Since we do not see China's internal political structure as sufficiently robust to emerge unscathed from its inevitable bout with reality, it will follow that Japan will emerge as both the regional reserve currency and the regional political leader. Malaysia's Prime Minister Mahathir Mohamed, whom we regard as one of the more insightful regional leaders (and therefore, by definition, much maligned and unfairly dismissed), has understood the inevitability of this process, and has long called for Japanese leadership in both economic and political affairs. The Japanese have resisted. They cannot resist for much longer.
The key to this is the coming upheaval in Japanese politics. Japan, like Russia, is an avalanche society. The United States is a glacial society. Because the U.S. has few social controls, it is constantly changing in small, glacial amounts. There are few social upheavals. Japan and Russia permit few changes, until strains build up and an avalanche occurs. Japan is now fully ready for its avalanche. The current internal political configuration cannot possibly survive. The internationalist, pro-Western perspective that has dominated Japan since 1945 is completely bankrupt. Indeed, it has bankrupted the country. A more nationalist, more Asian, and more assertive government will replace it. We caught a whiff of this in the Japanese response to the North Korean missile incident. There is more to come.

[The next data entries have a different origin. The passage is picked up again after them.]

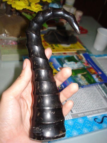 trên bàn thờ, rồi mở hòm gỗ lấy cho tôi xem một chiếc sừng màu đen tuyền, cong
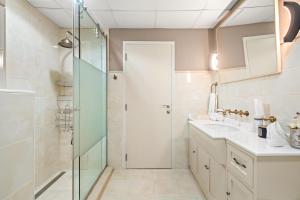 K vybavení patří tři koupelny s vanou nebo sprchou a bezplatnými toaletními potřebami jako šampon, kondicionér, tělové mýdlo, pantofle, vysoušeč vlasů a bidet. Hosté mohou využívat klimatizaci po celém apartmánu i pohodlné posezení se sedací soupravou a televizí s plochou obrazovkou. Dále jsou k dispozici žehlička s žehlícím prknem, trezor, šatna, pračka a povlečení.
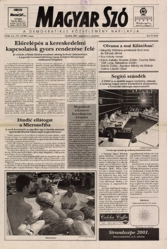 Magyar Szó, 58. évf. 2001. augusztus 4. 175. sz. 1–16. oldal
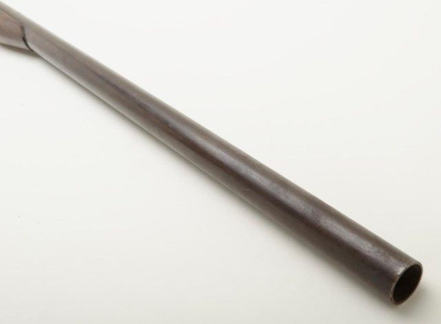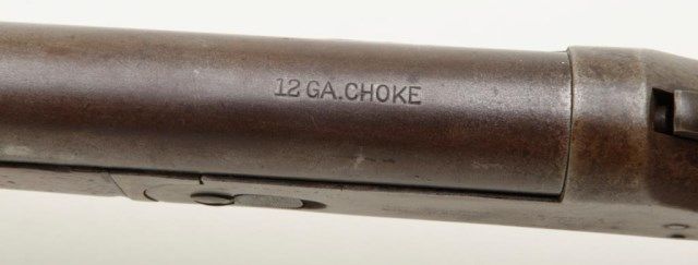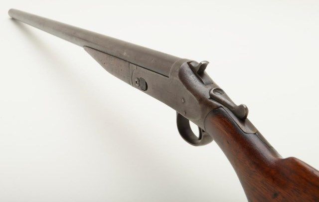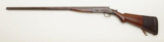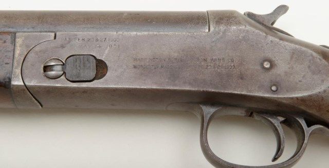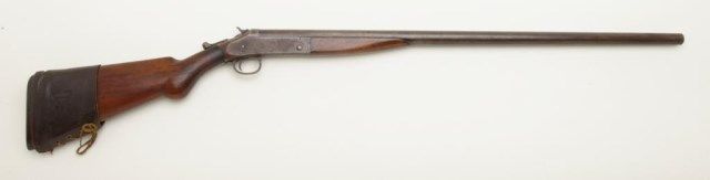 Harrington and Richardson 12 gauge single shot exposed hammer shotgun in fair condition showing 29” barrel, serial number A61373. The metal surfaces show a gray to brown patina finish with traces of original blue. The action works well and the gun locks up tight. The bore is slightly rough. The barrel appears to have been shortened about an inch and there is no front sight bead. The stocks are good other than stress cracks in the wrist area which are minor. The original butt plate is retained. Est.: $100-$200

More than Bretton Woods is about to change. The world is shifting from a liberal, internationalist regime to a more conservative, regionalist structure. Paradoxically, the region of the world most dependent on liberal internationalism for its export-oriented economies has created the conditions which will destroy that regime. The reasons behind Asia's success are also the roots of its failure, and that is why no one is really interested in saving Asia from itself. What will emerge from Asia's debacle is a regional bloc built around Japanese economic and political leadership. Now, where there is economic and political leadership, military power must inevitably follow.

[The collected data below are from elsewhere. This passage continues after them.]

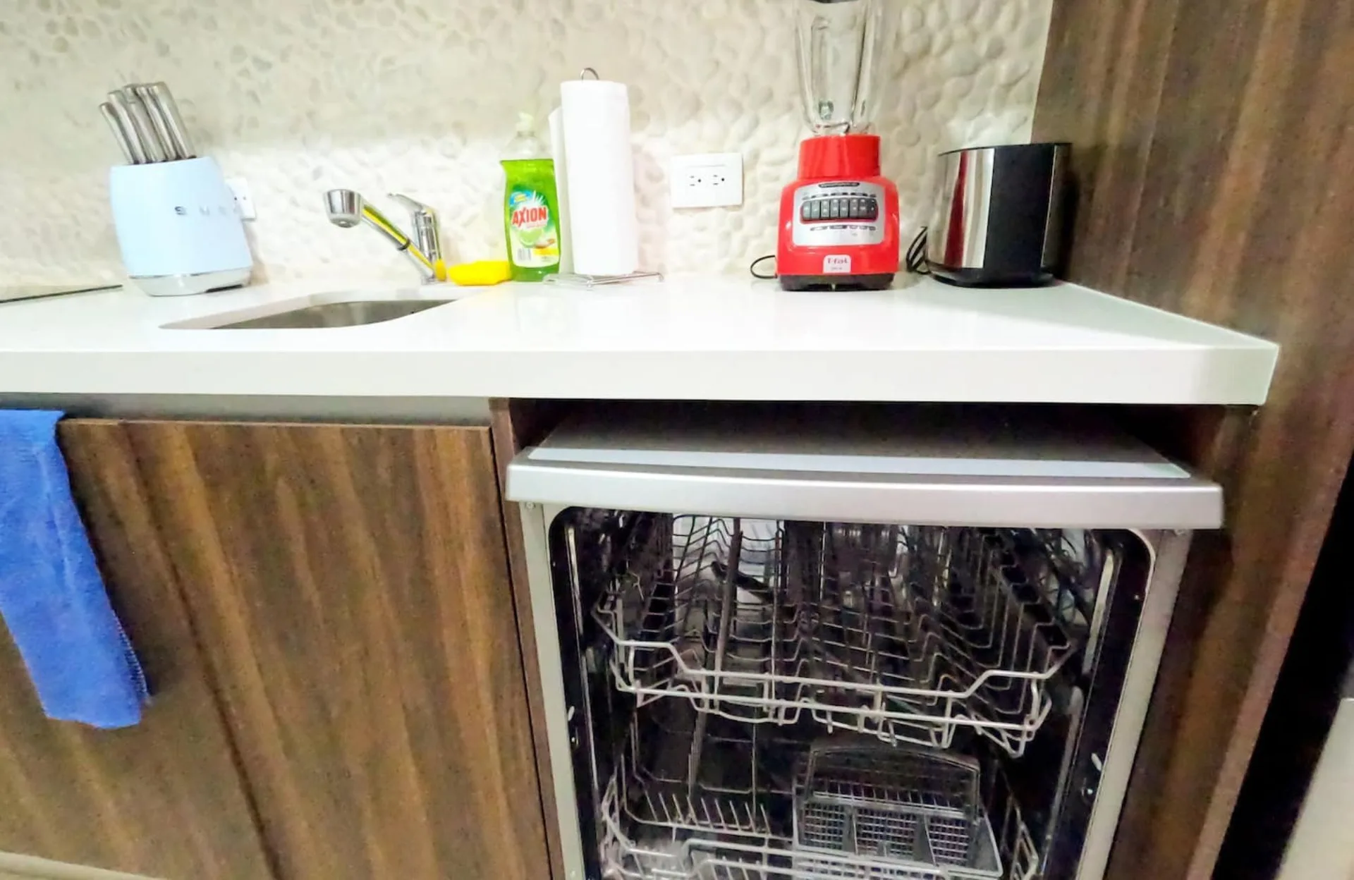 The apartment features custom glass sliding doors that separate the bedroom from the living room. The kitchen has custom cabinets and premium appliances, including a retractable hood, direct ventilation, and a dishwasher. Other highlights include a built-in closet with a top lock-off system, integrated Bluetooth speakers, a sofa bed, a smart TV, and a washer/dryer combo. An interior balcony provides a space to enjoy the Caribbean climate. The apartment is fully furnished and equipped.
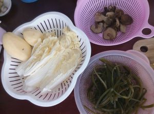 香菇提前泡发,准备喜欢的蔬菜,我喜欢海带,土豆,冰箱还有白菜,就我和老公两个,够了。
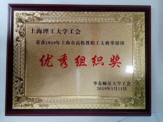 5月11日,由华东师范大学工会主办,华东师范大学教职工太极拳协会承办的“上海市高校教职工太极拳展演”在华东师范大学体育馆二楼举行。我校太极拳协会共计18人参加了本次展演活动,并获得优秀组织奖。
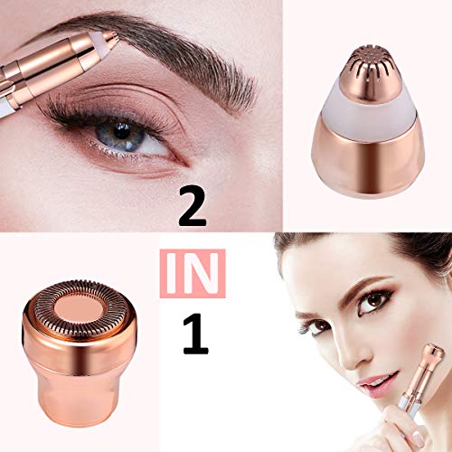 - MODELO: Depiladora facial eléctrica multicolor de elegante diseño de bolsillo Recargable USB con luz LED incorporada. Modelo 2 en 1, con cabezal grande para zonas grandes y cabezal pequeño para zonas finas como cejas, labios, etc.
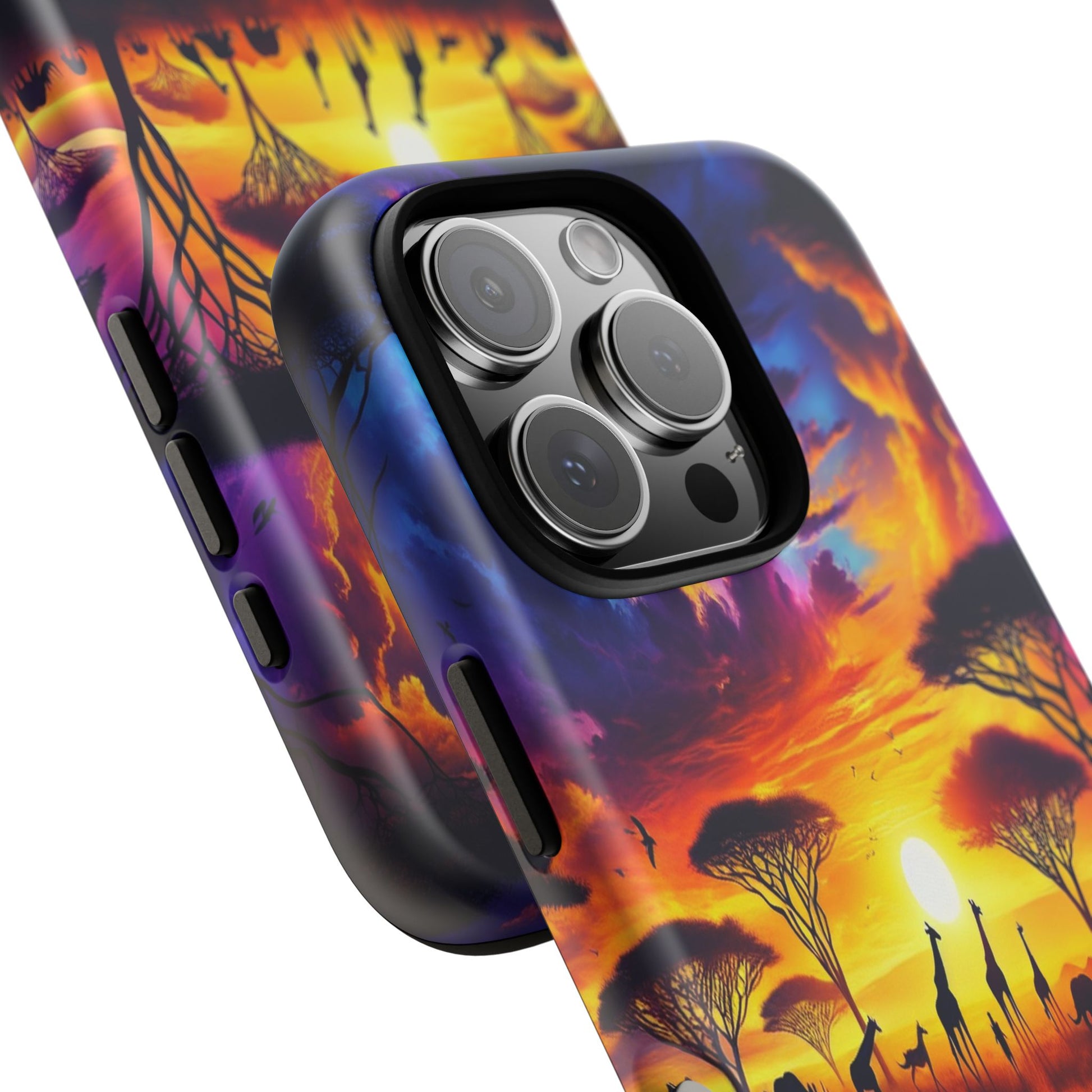 A vibrant sunset silhouettes wildlife against a fiery sky with purples and oranges, reflected in a mirrored water surface. The acacia trees and diverse animal silhouettes evoke a serene, magical African landscape. iPhone, Samsung Galaxy, and Google Pixel devices with premium-quality custom protective phone cases. Every case has double layers for extra durability and protection while the clear, open ports stay out of your way when it comes to charging. The outer polycarbonate shell will resist daily impacts. Choose between matte or glossy finish and enjoy adding a unique touch to your phone with our custom protective phone cases sourced from Korea.
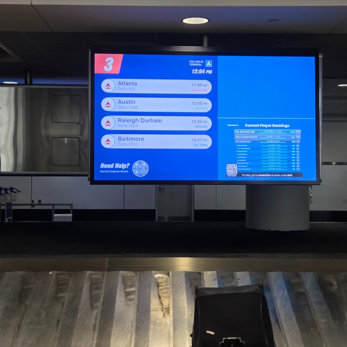 제가 탑승했던 날, 오스틴 버그스트롬 국제공항을 출발해 보스턴 로건 국제공항으로 향하는 델타 항공 DL2098편은 오스틴 국제공항 7번 게이트에서 출발했습니다. 이번 항공편은 만석으로 운항되었기 때문에 게이트 앞에는 출발 시간 전부터 많은 승객들이 모여 있었습니다. 델타 항공 역시 다른 미국 항공사들과 마찬가지로 보딩 존을 세분화해 운영하고 있는데요, 특히 이번과 같이 만석인 항공편의 경우 모든 승객의 기내 수하물을 수납할 만큼의 오버헤드 빈 공간이 부족할 수 있기 때문에 같은 그룹 내에서도 가능한 한 빨리 탑승하는 것이 중요합니다. 실제로 게이트에서는 지속적으로 기내 공간 부족으로 총 20개의 가방을 위탁해야 한다는 안내 방송이 나왔고, 일부 승객들은 자발적으로 기내 수하물을 게이트에서 위탁하기도 했습니다.
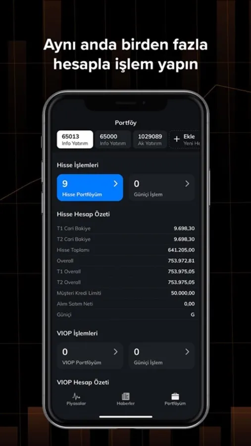 Tüm yatırım hesaplarınızı aynı platform üzerinden yöneterek, aynı anda birden fazla hesabınız ile işlem yapma ayrıcalığını yaşayabilirsiniz.
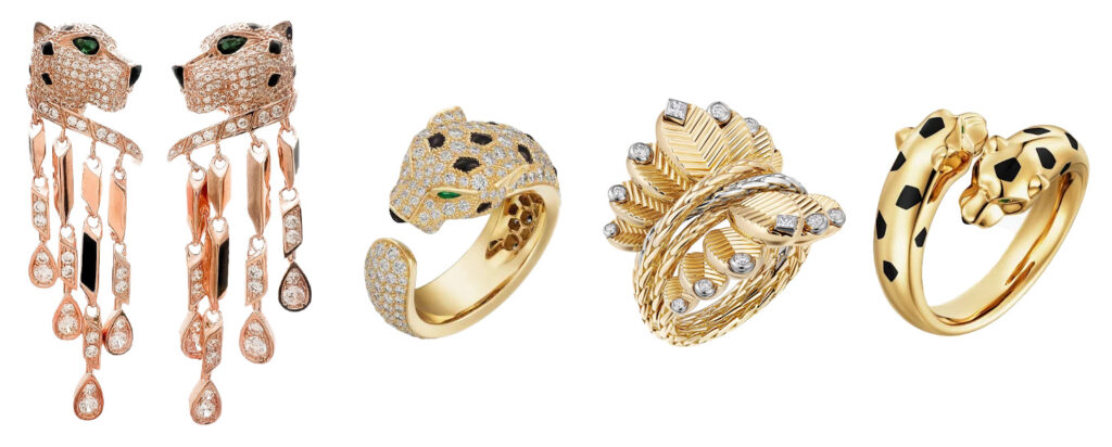 She complemented her ensemble with a small pair of Panthère de Cartier earrings in 18K rose gold, each set with 73 brilliant-cut diamonds totaling 1.56 carats, emerald and onyx, a Cartier Grain de Café bracelet on her left wrist, a yellow gold Panthère de Cartier ring half-paved on her left ring finger, a Cartier Grain de Café ring on her right ring finger and a Panthère de Cartier ring on her right index finger.

This is the problem. No one in Asia wants to see a resurgent Japan. The Japanese do not want to undertake the burdens of leadership. But there is no way out for Asia except to use the yen as a new, regional reserve currency. This relatively small step will contain many unintended consequences, not least of which will be a region shaped in ways none of the players want. But Japan is the world's second largest economy and the region's largest, dwarfing China's economy. It is also the most stable country in the region. Leadership falls naturally and inevitably to Japan, particularly as we expect China to slide into disorder as its economy deteriorates.
Thus, the end of the New World Order will raise old questions everywhere. In Europe, the German question will reemerge. In Asia, it will be the Japanese question. The end of the New World Order brings us closer and closer to an older world order, one which had a cataclysmic outcome last time around.